Read Impossible Page 22


  If they failed—if she failed—it would burden him to know that truth.

  A pause. Then Zach nodded. "All right. I'll load up the goats' horns, the wheelbarrow, and the sand and corn dust in the car, and then we'll be off."

  Lucy was practically vibrating with relief. "I adore you. Okay, I already checked the tide tables and right here"—she pointed to a specific place on the map of the Bay of Fundy—"it'll be low tide at just after ten tomorrow morning. We'd have to wait a whole day for the next low tide at daylight."

  "That's true," said Zach. "Let me just call your parents. I assume you want them to come?"

  "Oh, yeah." Lucy put a hand to her stomach. "Especially Soledad."

  Zach froze. "But you told me the doctor said—"

  "Calm down. I still have three weeks. We'll be there and back before I go into labor, I'm sure. I just thought Soledad should be nearby anyway, just in case."

  "Sounds good to me," said Zach. But when he got off the phone, he was frowning. "She says Leo has a gig tonight that he's already left for and she's not sure exactly where it is. He always turns his phone off when he plays, and he won't be home until one or two in the morning. And a night's sleep would do us all good, she says, and can we leave first thing tomorrow? I told her that was fine. I know you'd like to go now, but it's a good idea to wait, Lucy. It won't be long."

  There was a lengthy pause. Lucy looked as if she wanted to speak; indeed, she moved her lips as if she were forming words. But she didn't. Then, slowly, carefully, she said, "I want to make tomorrow morning's tide. It feels important to me—actually, it feels urgent." She took a deep breath, and turned away. She massaged her throat as if it were stiff.

  Zach hesitated. It made all the sense in the world to get some sleep tonight and go in the morning with Soledad and Leo.

  He said, "Okay.

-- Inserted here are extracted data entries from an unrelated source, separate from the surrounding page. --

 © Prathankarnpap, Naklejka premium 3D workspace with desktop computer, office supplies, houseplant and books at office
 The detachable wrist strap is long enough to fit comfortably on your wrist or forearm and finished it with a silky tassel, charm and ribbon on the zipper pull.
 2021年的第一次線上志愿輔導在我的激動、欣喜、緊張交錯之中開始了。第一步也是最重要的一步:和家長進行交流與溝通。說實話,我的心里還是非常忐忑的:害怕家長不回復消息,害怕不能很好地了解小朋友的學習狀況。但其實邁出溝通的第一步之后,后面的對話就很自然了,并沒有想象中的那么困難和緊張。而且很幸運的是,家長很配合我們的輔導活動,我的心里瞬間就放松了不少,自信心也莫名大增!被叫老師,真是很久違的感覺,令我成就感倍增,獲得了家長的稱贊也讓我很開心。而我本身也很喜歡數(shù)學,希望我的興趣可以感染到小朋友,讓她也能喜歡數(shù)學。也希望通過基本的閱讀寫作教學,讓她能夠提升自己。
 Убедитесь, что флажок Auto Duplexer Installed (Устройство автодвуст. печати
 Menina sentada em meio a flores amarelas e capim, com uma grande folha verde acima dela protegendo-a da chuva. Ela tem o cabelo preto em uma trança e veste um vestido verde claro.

You and I will go right now. I'll tell your parents to follow us up tomorrow morning, as soon as they can. They'll only be a few hours behind us. It's no biggie. They'll meet us there."

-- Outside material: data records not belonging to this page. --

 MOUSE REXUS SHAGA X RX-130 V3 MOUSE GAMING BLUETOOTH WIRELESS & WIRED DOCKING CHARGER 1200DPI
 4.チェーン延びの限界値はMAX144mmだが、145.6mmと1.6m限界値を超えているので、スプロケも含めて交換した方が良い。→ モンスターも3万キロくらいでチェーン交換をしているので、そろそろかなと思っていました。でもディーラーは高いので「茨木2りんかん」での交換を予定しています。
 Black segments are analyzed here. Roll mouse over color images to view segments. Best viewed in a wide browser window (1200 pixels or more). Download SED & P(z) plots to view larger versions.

  Lucy's face illuminated. "Can we really?"

  "Yeah," said Zach. "Let's go."

  CHAPTER 51

  They reached New Brunswick just after sunrise and had breakfast at a truck stop on the Trans-Canada Highway. Lucy forced herself to eat a big omelet with two slices of toast. She sipped orange juice while poring over the map. "We take an exit toward Memramcook. Then through Dorchester and on to Shepody Bay." Shepody Bay was an inlet of the Bay of Fundy with long stretches of pristine shoreline. "The tide won't be fully out until ten, but it doesn't matter if we get there early." She peered out the window at the gray sky. "I just hope the sun comes out." She was finding it difficult, but possible, to contain her anxiety and urgency.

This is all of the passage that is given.